My plan is not to test and to just wait for AF as I have also had chemicals but you never know!


----------



## MeganS0326

Itsawonder, I ended up testing yesterday (7dpo) and today (8dpo) and both were BFN's. I know it's still early but feeling out. I guess we will see what the next few days brings. :coffee:

You sound like you have mastered the tww. Glad you can keep busy and distracted. I'm a SAHM with a 14month old. He keeps me pretty busy for the most part but not busy enough for me to forget about obsessing over when to test. :haha: I have everything crossed that you get your BFP this month! Maybe we'll both be lucky and can be bump buddies :thumbup:


----------



## ItsAWonder

I hope so Megan! And you are right, it is still early so stay positive. You never know how things may turn out... :)


----------



## TLK

Hello everyone! I am 38 and ttc #2. I have a 2 year old VERY busy son. We have been trying since August and have had 2 miscarriages since then. What a roller coaster! I am currently on my first month of clomid and CD 11. Trying to BD every second day. My opk are still pretty white! Good luck to you all and congrats to those lucky ones with a BFP!


----------



## MeganS0326

TLK said:


> Hello everyone! I am 38 and ttc #2. I have a 2 year old VERY busy son. We have been trying since August and have had 2 miscarriages since then. What a roller coaster! I am currently on my first month of clomid and CD 11. Trying to BD every second day. My opk are still pretty white! Good luck to you all and congrats to those lucky ones with a BFP!

Welcome! Good luck catching that eggie this month. Did you use Clomid to conceive your son?


----------



## TLK

No I didn't - I was just about to start Clomid but got pregnant the first cycle. My cycles were regular after I had my son but in the past few months they have been getting longer and longer. My fertility doc thought this might help...

Oh and my husband is 32 too. 

Where are you in the cycle?


----------



## ItsAWonder

TLK - sorry for your losses. I do wish you the best of luck and hope it comes soon!

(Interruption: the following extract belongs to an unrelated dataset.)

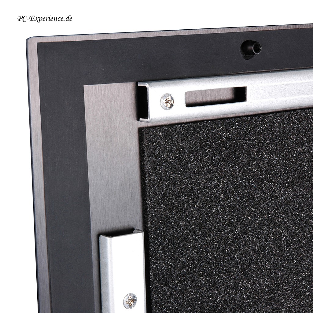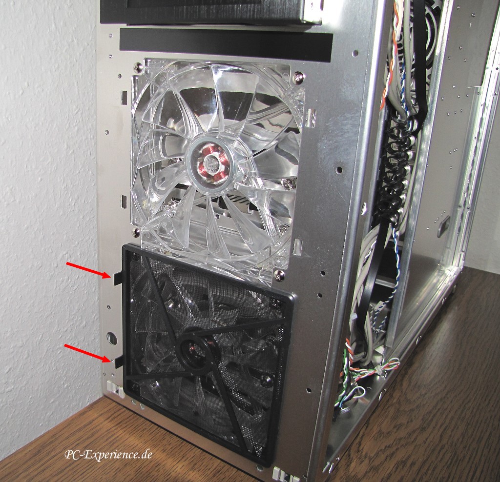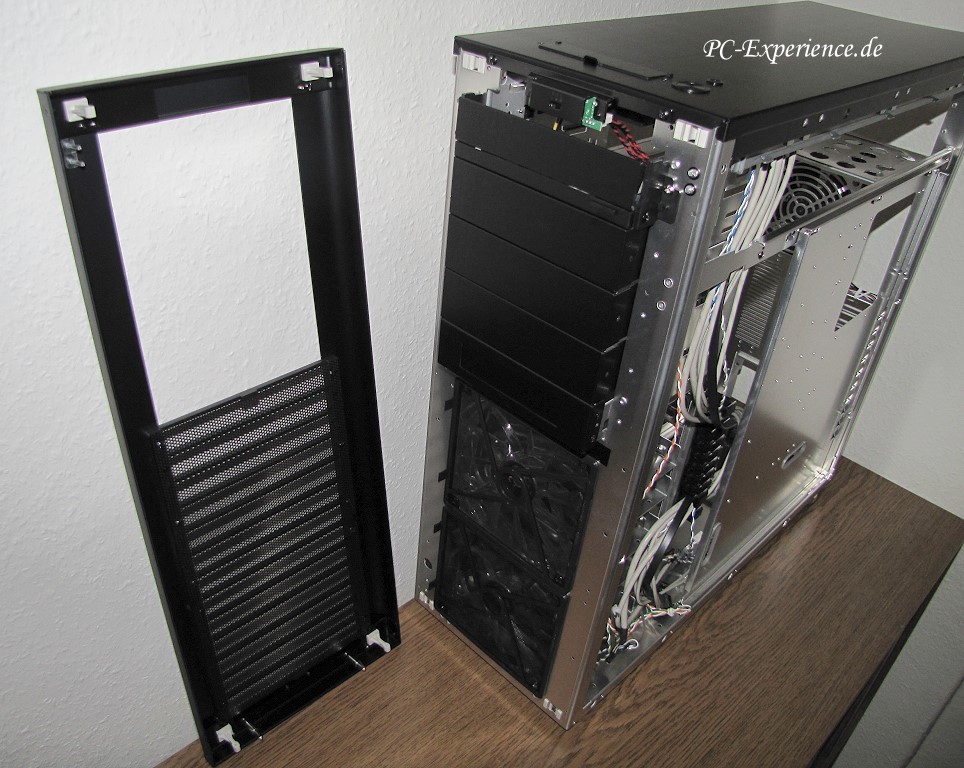 Die sehr stabile und dickwandige Aluminium Frontverkleidung läßt sich sehr leicht mit einem minimalen Ruck entfernen, wobei die Verschlußclips sehr widerstandsfähig ausgelegt wurden, so daß man nicht so bald mit ihrem vorzeitigen Ableben rechnen muß. Die Staubfilter der Frontlüfter sind schnell und bequem auszuklippen und somit komfortabel unter dem Wasserhahn zu reinigen oder eben ausblasbar. Hinter den Blenden befinden sich glücklicherweise keine weiteren Blenden, die womöglich auch noch herausgebrochen werden müssen. So kann das Gehäuse immer wieder in den Auslieferungszustand zurückversetzt werden. Die Blenden als solche weisen eine hohe Passgenauigkeit auf und lassen sich überwiegend kratzerfrei klemmen. Das die Blenden nicht auch noch über Mesh Blenden verfügen, war eine weise Entscheidung, durch den sich der Staubbefall weiter reduziert hat.
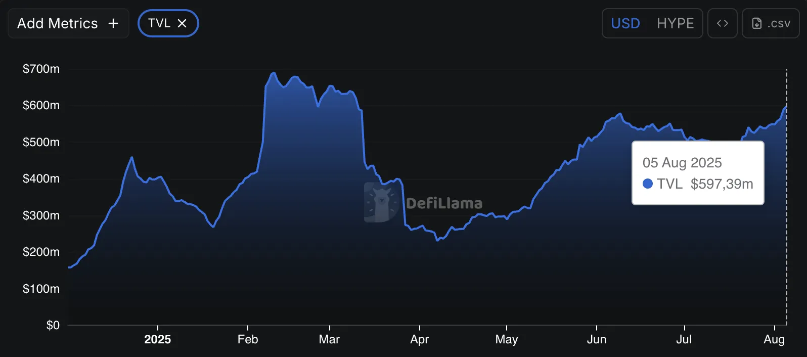 Тем временем TVL Hyperliquid оценивается в $597,39 млн. Это на 15% ниже февральского максимума на уровне $690 млн.

I am 10dpo today. No symptoms but also not really paying attention. If luteal phase has not changed since pregnancy than I should get AF in 4 days. I will say, with all previous pregnancies, I got really, really bloated about 1 week before AF was due so I am assuming I am not pregnant. Still hopeful though!


----------



## mitchnorm

BFP :happydance:

Got first one last Thursday 11 dpo...then strong positives every day since. Feeling pretty positive that this won't be a chemical (I've had 3 in last year).... Feels different somehow:thumbup:

Good luck to you all x x x


----------



## MeganS0326

Congrats, Mitchnorm!!!! I've got everything crossed that this one is sticky for you!!!

Itsawonder, I hope the next four days speed by and AF stays far away!!

AFM, other than my chart being insane, I'm having no pregnancy symptoms. Today is 13dpo. I haven't tested yet today (can't bring myself to see another BFN) but tested yesterday and it was negative. AF should be here tomorrow so I'm just going to wait it out. :coffee:


----------



## Spudtastic

Mitchnorm - congratulations. Yay. I'm very excited for you  

Megan - still keeping my fingers crossed for you x x 

Itsawonder - I'm hoping this is your month too. 

Tlk - I'm sorry for your losses. I hope you get your bfp soon.


----------



## Mondie

Congrats Mitchnorm! Lovely news. FX for everyone else xx


----------



## ItsAWonder

Yeah Mitchnorm!!!! Congratulations!!!

Megan - I hope AF stays away!

Still not testing here, still no symptoms.....


----------



## mitchnorm

ItsAWonder said:


> Yeah Mitchnorm!!!! Congratulations!!!
> 
> Megan - I hope AF stays away!
> 
> Still not testing here, still no symptoms.....

I had no symptoms this month either.....had sore boobs previous months which I thought was a good sign....obviously not.


----------



## ItsAWonder

AF came for me so now on CD4. Feel fine about it though and looking forward to a date night with hubby and wine :)


----------



## MeganS0326

AF officially got me too, CD2 today. BOO!!!! Onward to next month! Itsawonder, we will get it next time!!!


----------



## ItsAWonder

Fingers crossed for us both!


----------



## Spudtastic

Yes fingers crossed ladies. I'm still popping in to see owhen you get your bfps


----------



## MeganS0326

Spud, I can't believe you are 10 weeks already! How is everything going? 2nd tri is just a few short weeks away!


----------



## Spudtastic

MeganS0326 said:


> Spud, I can't believe you are 10 weeks already! How is everything going? 2nd tri is just a few short weeks away!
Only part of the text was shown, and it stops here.